Vajpayee also dispelled Western fears that massing around 800,000 soldiers by the two South Asian rivals on their borders could lead to another full-scale conflict, news agencies reported.
"There is no such proposal," Vajpayee said when asked about the possibility of a military pullback.
"There is no threat of such a war... However, we are prepared for any eventuality," he told a televised press conference in the northern town of Shimla.
India's hawkish Defence Minister George Fernandes, however, pulled out all the stops Monday and launched a bitter attack on Pakistan and its President Pervez Musharraf.
Musharraf, for his part, delivered a stern warning to India during Pakistan's National Day ceremony last Saturday.
"If India has any aggressive designs, it should not remain under any sort of misconception. Pakistan today possesses a powerful military might and can give a crushing reply to all types of aggression," he said in Islamabad.
Fernandes, who in 1999 sparked a diplomatic storm by calling China India's enemy number one, described Musharraf's weekend warning to India as "childish."
Addressing combat troops in Longawal, the desert site of a fierce tank battle between India and Pakistan in 1971, he chided Musharraf and said the Pakistani ruler was living in a "make-believe world."
Fernandes said he was being repeatedly asked by army commanders and others on the duration of the border deployment.
"We will not be able to give an answer right now. When the time comes the answer will be given. We certainly want to take a decision on it without wasting much time. We are ready for talks with Pakistan if Musharraf accepts India's conditions and normalizes the situation."
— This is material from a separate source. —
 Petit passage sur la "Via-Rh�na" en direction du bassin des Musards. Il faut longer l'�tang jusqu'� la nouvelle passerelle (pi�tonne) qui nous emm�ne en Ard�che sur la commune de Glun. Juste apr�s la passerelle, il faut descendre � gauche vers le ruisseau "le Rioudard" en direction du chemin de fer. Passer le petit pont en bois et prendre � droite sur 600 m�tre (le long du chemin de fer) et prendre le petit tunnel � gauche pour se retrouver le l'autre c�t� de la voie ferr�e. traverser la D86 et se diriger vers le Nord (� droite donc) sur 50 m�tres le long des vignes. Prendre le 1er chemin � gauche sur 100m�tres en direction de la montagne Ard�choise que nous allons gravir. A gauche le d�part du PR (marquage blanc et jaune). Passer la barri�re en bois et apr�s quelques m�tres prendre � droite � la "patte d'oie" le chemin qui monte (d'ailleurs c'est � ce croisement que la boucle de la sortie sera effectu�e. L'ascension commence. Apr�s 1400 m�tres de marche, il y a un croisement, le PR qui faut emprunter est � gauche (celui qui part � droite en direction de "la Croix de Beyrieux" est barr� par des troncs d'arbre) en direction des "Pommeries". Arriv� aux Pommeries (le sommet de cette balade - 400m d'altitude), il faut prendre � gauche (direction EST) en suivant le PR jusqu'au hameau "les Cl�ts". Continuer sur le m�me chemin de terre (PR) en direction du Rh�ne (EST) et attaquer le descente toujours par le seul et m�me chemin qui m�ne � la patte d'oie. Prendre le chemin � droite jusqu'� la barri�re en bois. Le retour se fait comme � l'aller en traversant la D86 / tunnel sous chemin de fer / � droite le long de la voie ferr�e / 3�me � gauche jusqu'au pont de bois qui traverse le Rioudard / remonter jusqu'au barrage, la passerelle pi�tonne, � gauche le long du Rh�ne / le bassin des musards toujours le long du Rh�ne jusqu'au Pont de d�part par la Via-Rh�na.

Meanwhile, sectarian unrest continued in India, with Hindu extremists attacking Muslims. At least five Hindus were shot dead by police Monday when extremist Hindus attacked processions of Shiite Muslims in the northern desert state of Rajasthan, reported Agence France-Presse (AFP).
Seventy others, including 45 policemen, were injured in clashes that erupted when a procession for the holy month of Moharram was attacked by a stone-pelting mob in Gangapur town, 250 kilometers (155 miles) north of Rajasthan's capital of Jaipur.
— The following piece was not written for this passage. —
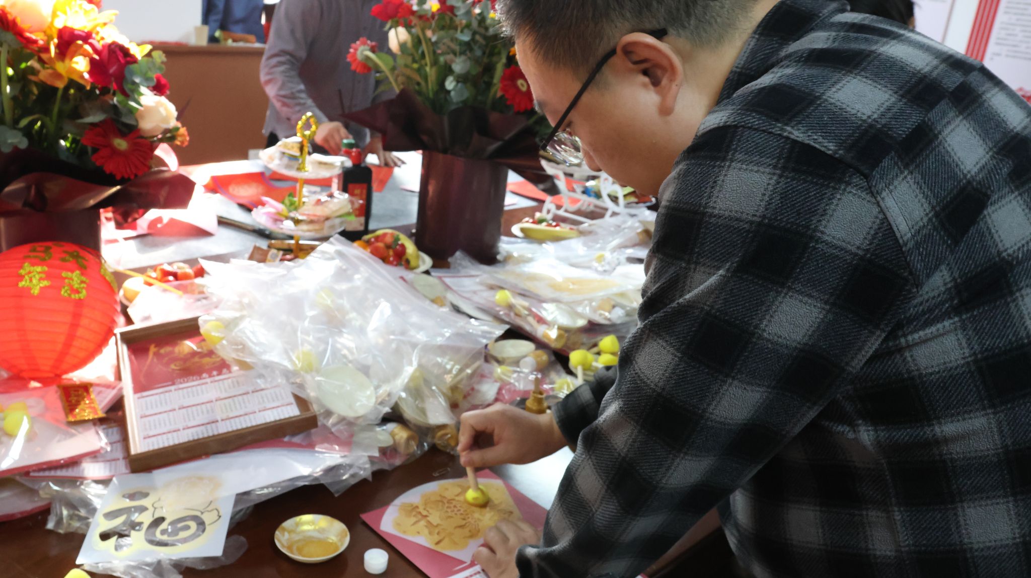 “揮毫迎春,舞墨送?!杯h(huán)節(jié)中,邀請知名書家現(xiàn)場揮毫潑墨,為教職工書寫寓意美好的新春對聯(lián),一筆一畫間承載著濃濃的新春祝福與文化底蘊(yùn),引得大家紛紛駐足領(lǐng)取。

State deputy police chief Arun Duggar said police opened fire on the Hindu attackers after they blocked the path of the Muslim marchers and went on a rampage in the normally quiet town.
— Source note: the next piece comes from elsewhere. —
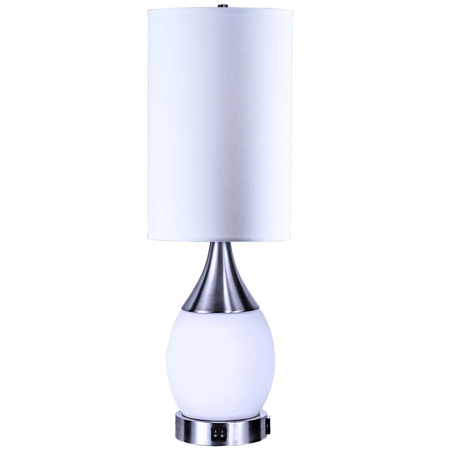 27"Brushed Nickel/Frosted Glass Table Lamp, one medium socket, LED night light candelabra socket in column (included), dual rocker base switch, one outlet, 8' 45°Silver 3-prg grounded cd, 9x9x14 White Linen HB shade,White Frosted Top Diffuser.
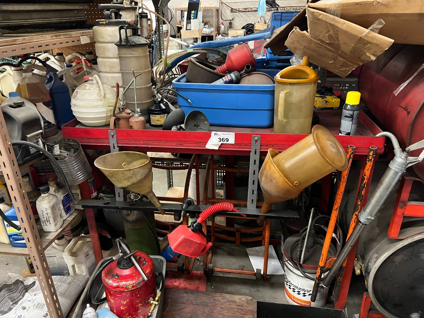 METAL STORAGE RACK WITH OIL CHANGE EQUIPMENT. VACUUM OIL PUMPS, SPOUTS, 2 DOLLIES FOR 45 GALLON DRUMS, ETC

Duggar said a large police contingent has been rushed to Gangapur to bring the situation under control and identified the attackers as extremists of at least three Hindu hardline parties.
He said the police resorted to firing after the use of tear-gas and batons failed to disperse the mobs, adding that a curfew was clamped on the Hindu-majority town.
The senior official also reported a similar attack on a Moharram procession in the state's Pali district and said at least 14 people were injured in the communal flareup.
He said armed policemen were patrolling the riot-affected area of Pali.
In the western state of Gujarat, the site of the decade's bloodiest Hindu-Muslim rioting that left more than 700 people dead (mostly Muslims) since the end of February, curfews and tight security marked the annual religious event.
Street processions that accompany Ashura, the 10th day of Moharram when Shiites mark the death of Prophet Mohammad's (Peace be upon him) grandson Hussain, were cancelled after Muslim leaders appealed for low-key mourning in the wake of the Hindu-Muslim riots.
"There is already communal tension in the state and we do not want to fuel it any further by taking out the processions," said Gujarat Chand Committee president Maulana Shabbir Aalam.
"Instead, many of us will be fasting to mourn the death of the Muslims who were burned alive in the recent riots," he said.
The Press Trust of India (PTI) meanwhile reported renewed sectarian clashes in the state's Sabarkantha district Monday where rioters torched an unspecified number of houses and shops belonging to Muslims.
The authorities rushed crack troops from the paramilitary Border Security Force to Sabarkantha's Prantij town which bore the brunt of Monday's violence, PTI said, adding that a mosque was also destroyed during the rampage.
Police used tear-gas as a mob of around 5,000 Hindus systematically attacked Muslim houses in the district. A security guard at a private factory in neighbouring Surat district was stabbed to death late Sunday night.